Output the full listing exactly as written, with no pictures in it.

Data below section start

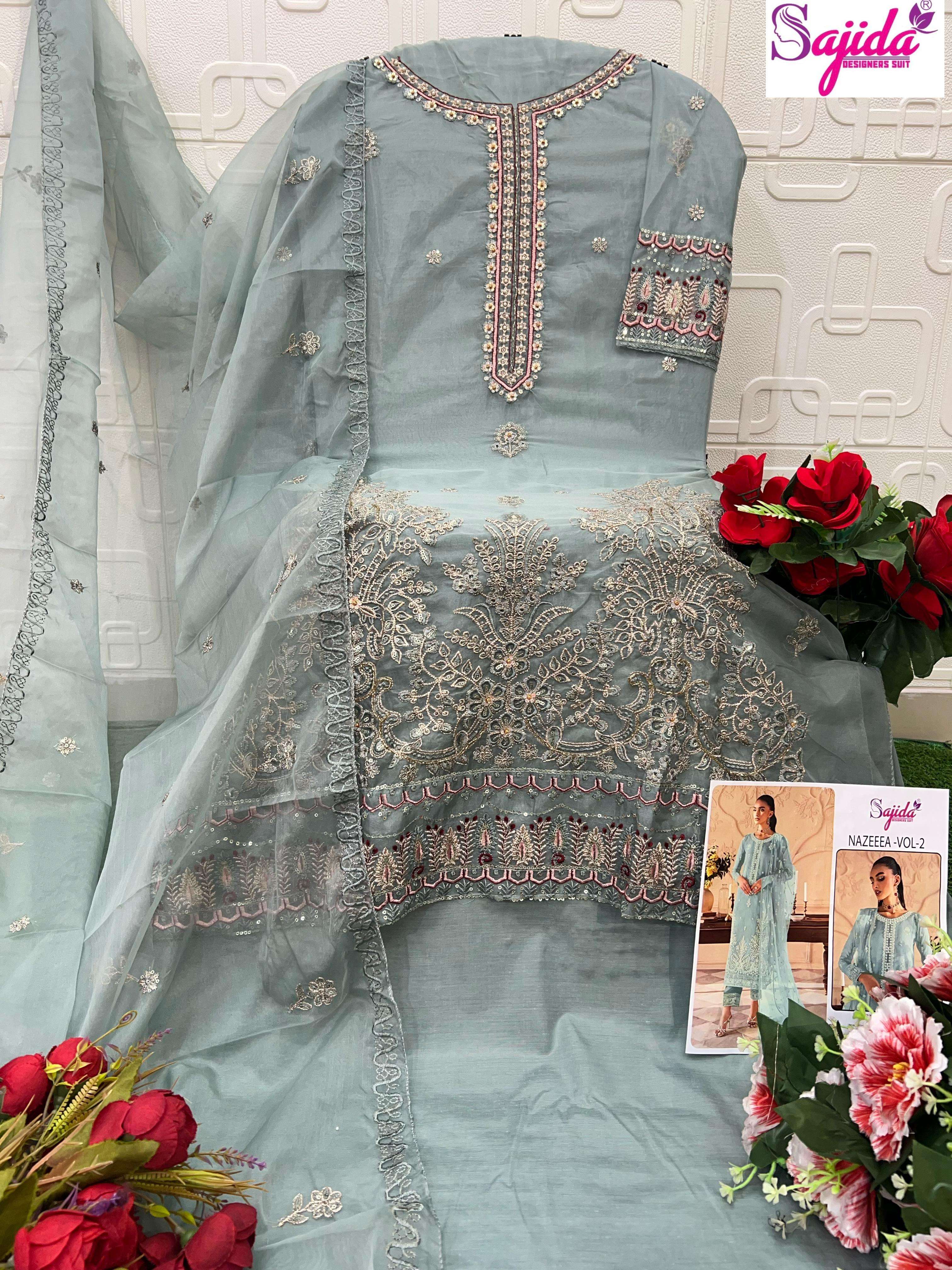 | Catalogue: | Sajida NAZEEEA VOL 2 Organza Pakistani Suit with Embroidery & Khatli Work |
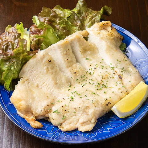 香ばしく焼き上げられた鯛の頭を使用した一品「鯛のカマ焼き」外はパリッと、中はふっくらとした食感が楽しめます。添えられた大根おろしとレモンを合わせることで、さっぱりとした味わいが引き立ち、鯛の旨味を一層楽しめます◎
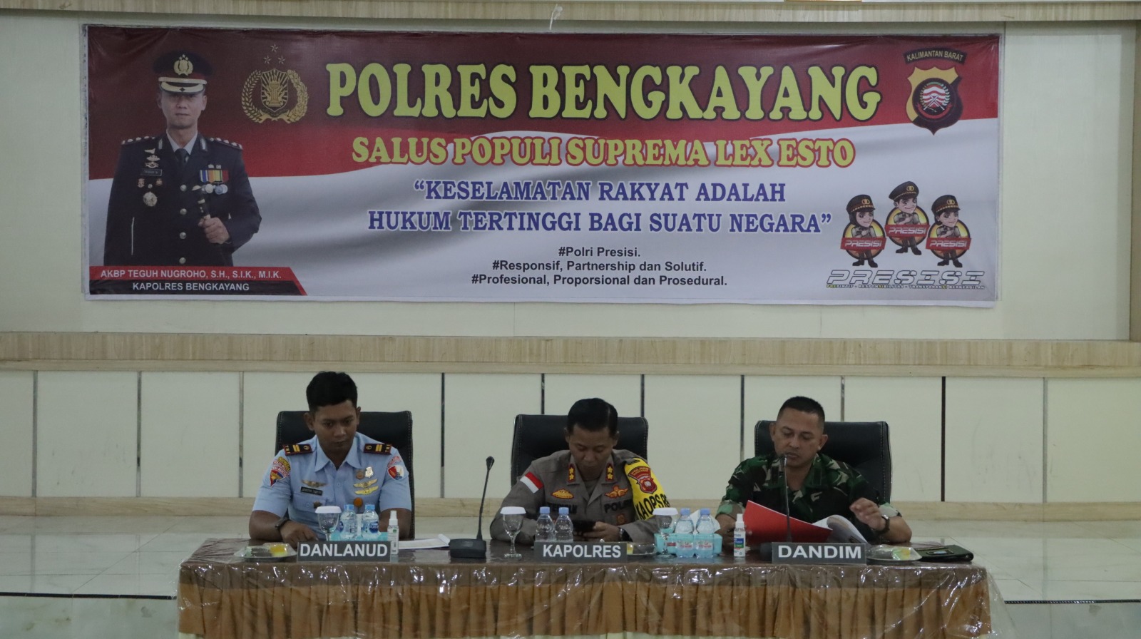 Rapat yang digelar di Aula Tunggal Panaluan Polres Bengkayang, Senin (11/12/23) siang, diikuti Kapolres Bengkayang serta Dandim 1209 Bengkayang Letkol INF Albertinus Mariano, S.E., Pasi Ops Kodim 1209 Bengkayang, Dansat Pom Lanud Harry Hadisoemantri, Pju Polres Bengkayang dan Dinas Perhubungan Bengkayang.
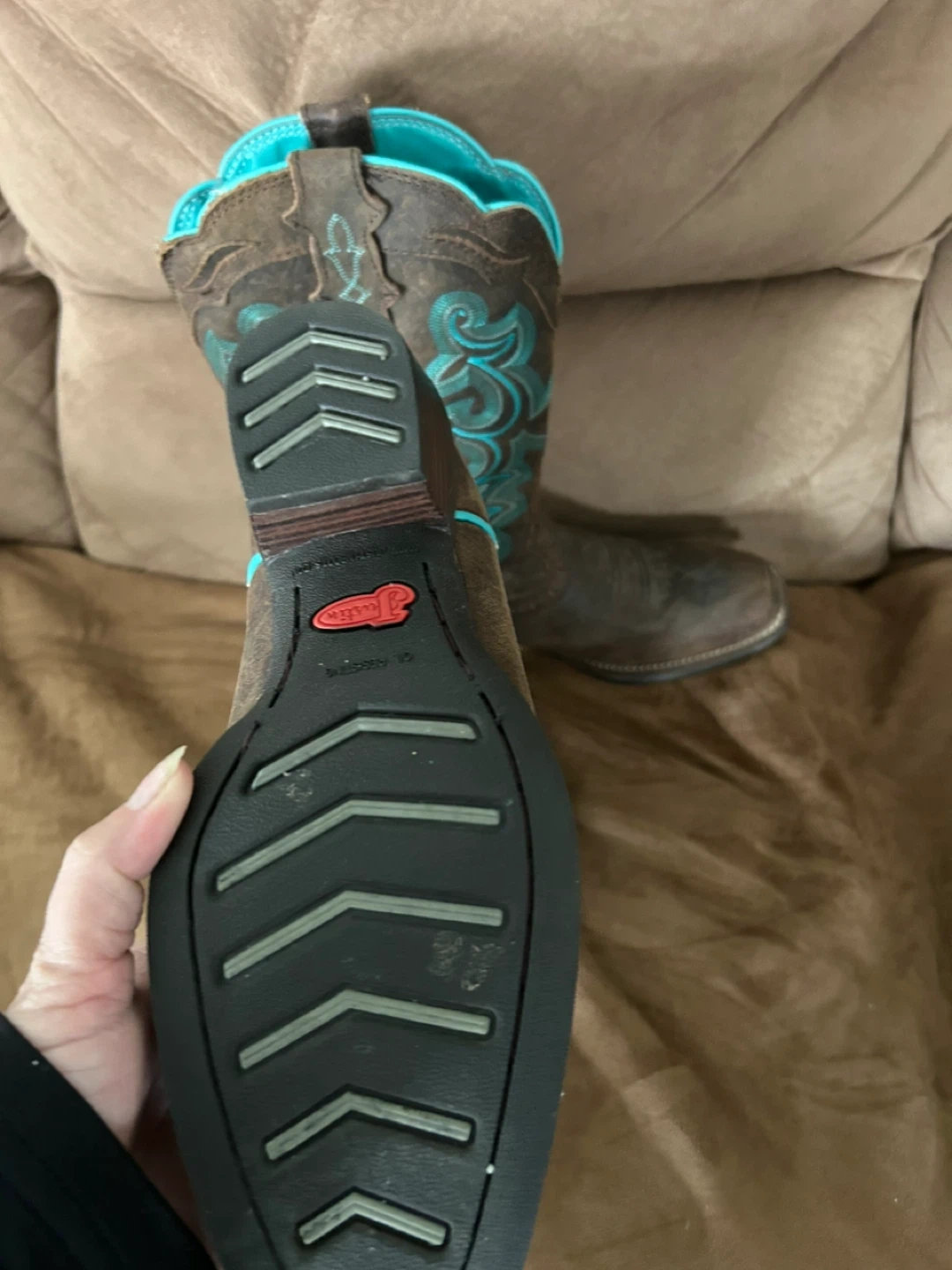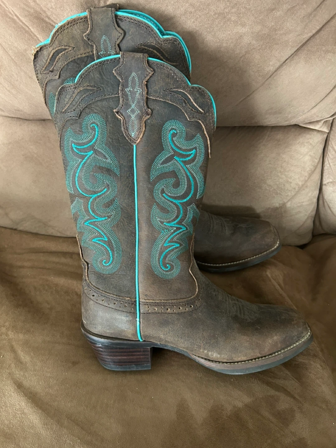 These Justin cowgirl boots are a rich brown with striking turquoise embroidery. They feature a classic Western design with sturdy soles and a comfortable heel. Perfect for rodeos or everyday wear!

Data below section end

**Response for this exercise**.
 | Catalogue: | Sajida NAZEEEA VOL 2 Organza Pakistani Suit with Embroidery & Khatli Work |
 香ばしく焼き上げられた鯛の頭を使用した一品「鯛のカマ焼き」外はパリッと、中はふっくらとした食感が楽しめます。添えられた大根おろしとレモンを合わせることで、さっぱりとした味わいが引き立ち、鯛の旨味を一層楽しめます◎
 Rapat yang digelar di Aula Tunggal Panaluan Polres Bengkayang, Senin (11/12/23) siang, diikuti Kapolres Bengkayang serta Dandim 1209 Bengkayang Letkol INF Albertinus Mariano, S.E., Pasi Ops Kodim 1209 Bengkayang, Dansat Pom Lanud Harry Hadisoemantri, Pju Polres Bengkayang dan Dinas Perhubungan Bengkayang.
 These Justin cowgirl boots are a rich brown with striking turquoise embroidery. They feature a classic Western design with sturdy soles and a comfortable heel. Perfect for rodeos or everyday wear!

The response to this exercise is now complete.